On Wed, Jan 26, 2022 at 12:26 PM Qu Wenruo <wqu@suse.com> wrote:
>
>
>
> On 2022/1/26 19:40, Filipe Manana wrote:
> > On Wed, Jan 26, 2022 at 08:58:49AM +0800, Qu Wenruo wrote:
> >> In defrag_lookup_extent() we use hardcoded extent size threshold, SZ_128K,
> >> other than @extent_thresh in btrfs_defrag_file().
> >>
> >> This can lead to some inconsistent behavior, especially the default
> >> extent size threshold is 256K.
> >>
> >> Fix this by passing @extent_thresh into defrag_check_next_extent() and
> >> use that value.
> >>
> >> Also, since the extent_thresh check should be applied to all extents,
> >> not only physically adjacent extents, move the threshold check into a
> >> dedicate if ().
> >>
> >> Signed-off-by: Qu Wenruo <wqu@suse.com>
> >> ---
> >>   fs/btrfs/ioctl.c | 12 +++++++-----
> >>   1 file changed, 7 insertions(+), 5 deletions(-)
> >>
> >> diff --git a/fs/btrfs/ioctl.c b/fs/btrfs/ioctl.c
> >> index 0d8bfc716e6b..2911df12fc48 100644
> >> --- a/fs/btrfs/ioctl.c
> >> +++ b/fs/btrfs/ioctl.c
> >> @@ -1050,7 +1050,7 @@ static struct extent_map *defrag_lookup_extent(struct inode *inode, u64 start,
> >>   }
> >>
> >>   static bool defrag_check_next_extent(struct inode *inode, struct extent_map *em,
> >> -                                 bool locked)
> >> +                                 u32 extent_thresh, bool locked)
> >>   {
> >>      struct extent_map *next;
> >>      bool ret = false;
> >> @@ -1066,9 +1066,11 @@ static bool defrag_check_next_extent(struct inode *inode, struct extent_map *em,
> >>      /* Preallocated */
> >>      if (test_bit(EXTENT_FLAG_PREALLOC, &em->flags))
> >>              goto out;
> >> -    /* Physically adjacent and large enough */
> >> -    if ((em->block_start + em->block_len == next->block_start) &&
> >> -        (em->block_len > SZ_128K && next->block_len > SZ_128K))
> >> +    /* Extent is already large enough */
> >> +    if (next->len >= extent_thresh)
> >> +            goto out;
> >
> > So this will trigger unnecessary rewrites of compressed extents.
> > The SZ_128K is there to deal with compressed extents, it has nothing to
> > do with the threshold passed to the ioctl.
>
> Then there is still something wrong.
>
> The original check will only reject it when both conditions are met.
>
> So based on your script, I can still find a way to defrag the extents,
> with or without this modification:

Right, without the intermediary write to file "baz", this patchset
brings a regression in regards to
compressed extents - when they are adjacent, which is typically the
case when doing large writes,
as they'll create multiple extents covering consecutive 128K ranges.

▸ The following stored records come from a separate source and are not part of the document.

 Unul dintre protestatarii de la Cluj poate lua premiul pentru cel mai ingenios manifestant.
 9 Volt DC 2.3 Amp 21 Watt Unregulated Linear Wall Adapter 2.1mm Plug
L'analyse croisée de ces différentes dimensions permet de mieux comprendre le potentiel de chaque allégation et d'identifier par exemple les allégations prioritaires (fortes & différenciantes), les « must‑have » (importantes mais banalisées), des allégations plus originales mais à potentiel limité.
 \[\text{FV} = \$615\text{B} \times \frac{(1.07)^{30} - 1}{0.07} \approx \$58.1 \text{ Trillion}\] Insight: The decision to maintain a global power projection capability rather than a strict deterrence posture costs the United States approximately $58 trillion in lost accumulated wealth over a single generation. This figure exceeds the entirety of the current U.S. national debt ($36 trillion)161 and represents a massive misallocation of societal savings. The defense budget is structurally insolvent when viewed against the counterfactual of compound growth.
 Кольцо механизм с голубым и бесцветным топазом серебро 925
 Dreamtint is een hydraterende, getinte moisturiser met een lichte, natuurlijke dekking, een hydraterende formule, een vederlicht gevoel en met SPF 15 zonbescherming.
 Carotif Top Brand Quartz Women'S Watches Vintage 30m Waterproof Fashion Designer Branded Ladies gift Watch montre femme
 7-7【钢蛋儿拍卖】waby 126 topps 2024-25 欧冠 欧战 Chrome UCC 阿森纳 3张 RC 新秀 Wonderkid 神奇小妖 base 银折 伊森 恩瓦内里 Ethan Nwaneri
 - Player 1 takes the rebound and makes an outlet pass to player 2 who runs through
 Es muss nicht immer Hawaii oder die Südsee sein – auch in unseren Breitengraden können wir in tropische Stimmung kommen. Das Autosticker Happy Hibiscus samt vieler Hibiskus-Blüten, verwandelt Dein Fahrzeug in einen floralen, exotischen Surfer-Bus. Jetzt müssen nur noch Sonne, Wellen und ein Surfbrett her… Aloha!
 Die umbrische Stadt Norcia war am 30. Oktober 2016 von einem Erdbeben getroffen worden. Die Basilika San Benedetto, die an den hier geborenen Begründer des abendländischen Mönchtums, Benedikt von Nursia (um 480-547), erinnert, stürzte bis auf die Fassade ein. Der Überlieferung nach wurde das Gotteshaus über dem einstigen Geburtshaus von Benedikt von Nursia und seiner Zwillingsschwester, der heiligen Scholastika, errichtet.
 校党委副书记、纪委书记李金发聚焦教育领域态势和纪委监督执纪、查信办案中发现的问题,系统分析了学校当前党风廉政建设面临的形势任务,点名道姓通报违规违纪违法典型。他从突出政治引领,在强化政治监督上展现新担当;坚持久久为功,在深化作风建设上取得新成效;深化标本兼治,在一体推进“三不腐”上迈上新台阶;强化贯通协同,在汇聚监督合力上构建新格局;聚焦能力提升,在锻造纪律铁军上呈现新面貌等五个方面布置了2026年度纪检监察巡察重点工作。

With the write to file "baz", as I pasted it, it happens before and
after the patchset.

>
>         mkfs.btrfs -f $DEV
>         mount -o compress $DEV $MNT
>
>         xfs_io -f -c "pwrite -S 0xab 0 128K" $MNT/file1
>         sync
>         xfs_io -f -c "pwrite -S 0xab 0 128K" $MNT/file2
>         sync
>         xfs_io -f -c "pwrite -S 0xab 128K 128K" $MNT/file1
>         sync
>
>         echo "=== file1 before defrag ==="
>         xfs_io -f -c "fiemap -v" $MNT/file1
>         echo "=== file1 after defrag ==="
>         btrfs fi defrag $MNT/file1
>         sync
>         xfs_io -f -c "fiemap -v" $MNT/file1
>
> The output looks like this:
>
> === before ===
> /mnt/btrfs/file1:
>   EXT: FILE-OFFSET      BLOCK-RANGE      TOTAL FLAGS
>     0: [0..255]:        26624..26879       256   0x8
>     1: [256..511]:      26640..26895       256   0x9
> === after ===
> /mnt/btrfs/file1:
>   EXT: FILE-OFFSET      BLOCK-RANGE      TOTAL FLAGS
>     0: [0..255]:        26648..26903       256   0x8
>     1: [256..511]:      26656..26911       256   0x9
>
> No matter if the patch is applied, the result is the same.

Yes, explained above.

>
> So thank you very much for finding another case we're not handling well...
>
>
> BTW, if the check is want to reject adjacent non-compressed extent, the
> original one is still incorrect, we can have extents smaller than 128K
> and is still uncompressed.
>
> So what we really want is to reject physically adjacent, non-compressed
> extents?

We want to avoid doing work that does nothing.
If 2 consecutive extents are compressed and at least one is already
128K, then it's a waste of time, IO and CPU.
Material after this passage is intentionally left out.